### PROBLEM TO WORK ON:
Without changing a word, return the listing below, minus its images.

### GIVEN MATERIAL:

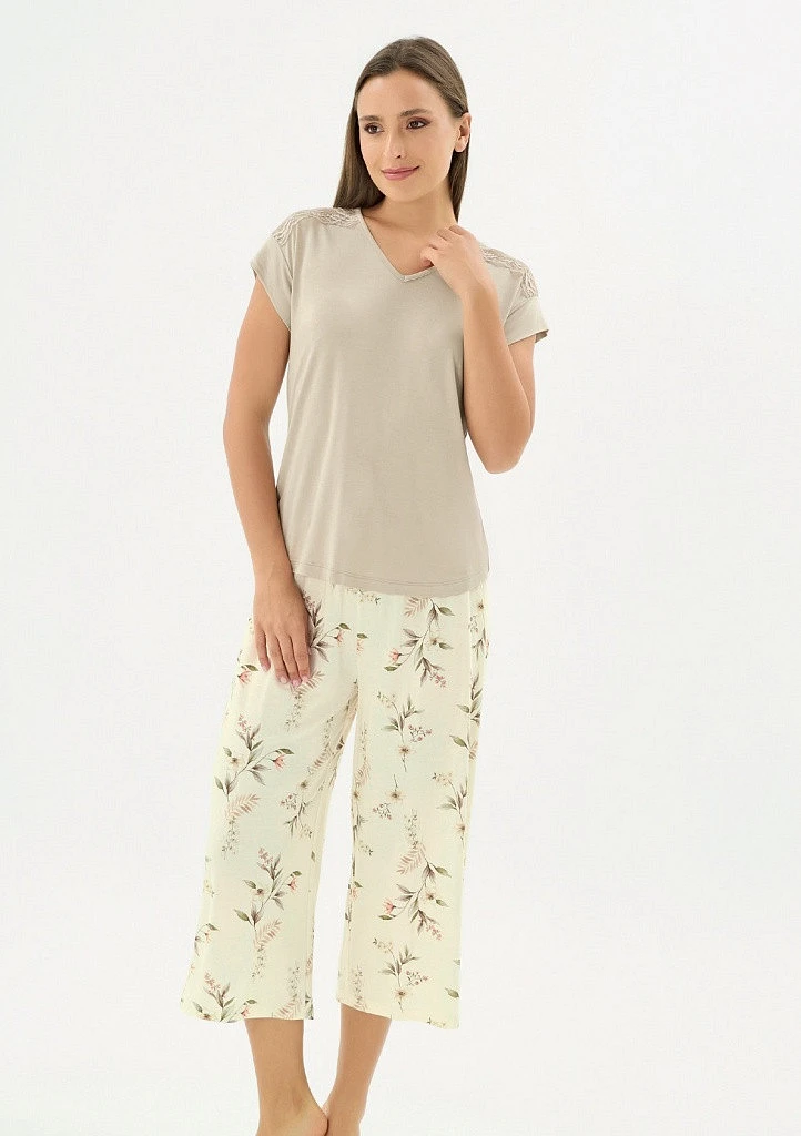 Dámské viskózové pyžamo je ideální volbou pro pohodlný spánek i domácí relaxaci. Příjemný a prodyšný materiál z viskózy je jemný na dotek a zajišťuje maximální komfort po celou noc. Horní díl tvoří tričko s krátkým rukávem, který je zakončen výraznějším lemem. Ramena zdobí jemná krajka, která dodává celému modelu ženský a elegantní vzhled. Kalhoty v praktické 7/8 délce mají pohodlný střih a pružný pas do gumy, díky čemuž se skvěle přizpůsobí postavě a neomezují v pohybu. Stylové a zároveň pohodlné pyžamo, které si zamilujete pro každodenní nošení.
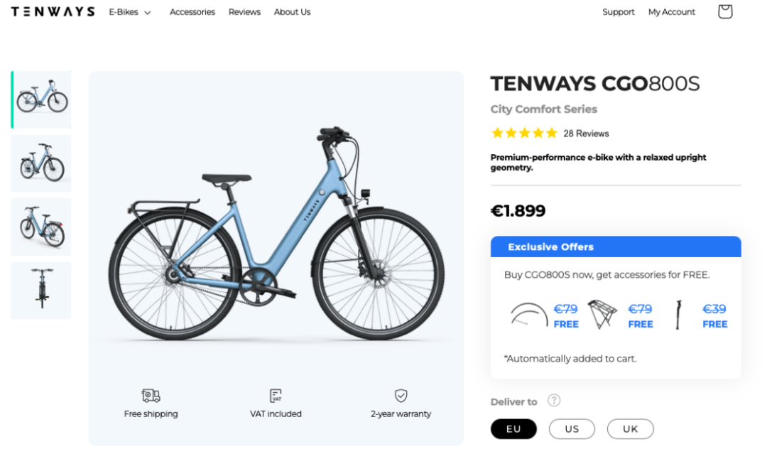 2021年5月,十方運(yùn)動(dòng)科技((品牌名:TENWAYS))注冊(cè)成立,定位是為解決城市通勤而生的電助力自行車品牌,主要面向歐美消費(fèi)者。據(jù)官方介紹,公司成立的短短一年內(nèi),第一次獲得IGG眾籌超85萬美金,迅速在歐洲荷蘭設(shè)立了銷售總部,鋪設(shè)了超200家實(shí)體門店,同時(shí)線上銷售成績不俗。
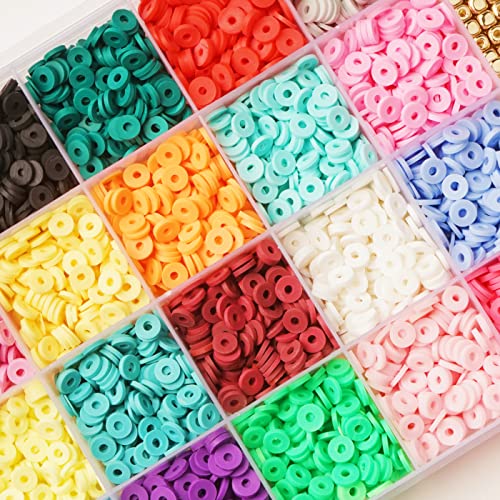 RUIYWEN 4275 pezzi Perline Piatte Rotonde in Argilla Polimerica 6mm Perline per Fare Bracciali Collana Adulti Bambini Gioielli Regali Artigianato Fai da Te (20 Colori con Accessori)
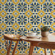 Brighten up your home with the radiant beauty of our "Sunlit Splendour" Peel & Stick wallpaper. This vibrant design features intricate Azulejo tile patterns in striking shades of blue and yellow, capturing the essence of Mediterranean elegance. The bold geometric and floral motifs, set against a creamy white background, create a dynamic and eye-catching look, perfect for enhancing kitchens, bathrooms, or feature walls. Crafted from high-quality peel and stick material, this wallpaper ensures easy application and removal, making it an excellent choice for both renters and homeowners seeking to add a touch of timeless charm to their decor.

### OUTPUT OF THE TASK:
 Dámské viskózové pyžamo je ideální volbou pro pohodlný spánek i domácí relaxaci. Příjemný a prodyšný materiál z viskózy je jemný na dotek a zajišťuje maximální komfort po celou noc. Horní díl tvoří tričko s krátkým rukávem, který je zakončen výraznějším lemem. Ramena zdobí jemná krajka, která dodává celému modelu ženský a elegantní vzhled. Kalhoty v praktické 7/8 délce mají pohodlný střih a pružný pas do gumy, díky čemuž se skvěle přizpůsobí postavě a neomezují v pohybu. Stylové a zároveň pohodlné pyžamo, které si zamilujete pro každodenní nošení.
 2021年5月,十方運(yùn)動(dòng)科技((品牌名:TENWAYS))注冊(cè)成立,定位是為解決城市通勤而生的電助力自行車品牌,主要面向歐美消費(fèi)者。據(jù)官方介紹,公司成立的短短一年內(nèi),第一次獲得IGG眾籌超85萬美金,迅速在歐洲荷蘭設(shè)立了銷售總部,鋪設(shè)了超200家實(shí)體門店,同時(shí)線上銷售成績不俗。
 RUIYWEN 4275 pezzi Perline Piatte Rotonde in Argilla Polimerica 6mm Perline per Fare Bracciali Collana Adulti Bambini Gioielli Regali Artigianato Fai da Te (20 Colori con Accessori)
 Brighten up your home with the radiant beauty of our "Sunlit Splendour" Peel & Stick wallpaper. This vibrant design features intricate Azulejo tile patterns in striking shades of blue and yellow, capturing the essence of Mediterranean elegance. The bold geometric and floral motifs, set against a creamy white background, create a dynamic and eye-catching look, perfect for enhancing kitchens, bathrooms, or feature walls. Crafted from high-quality peel and stick material, this wallpaper ensures easy application and removal, making it an excellent choice for both renters and homeowners seeking to add a touch of timeless charm to their decor.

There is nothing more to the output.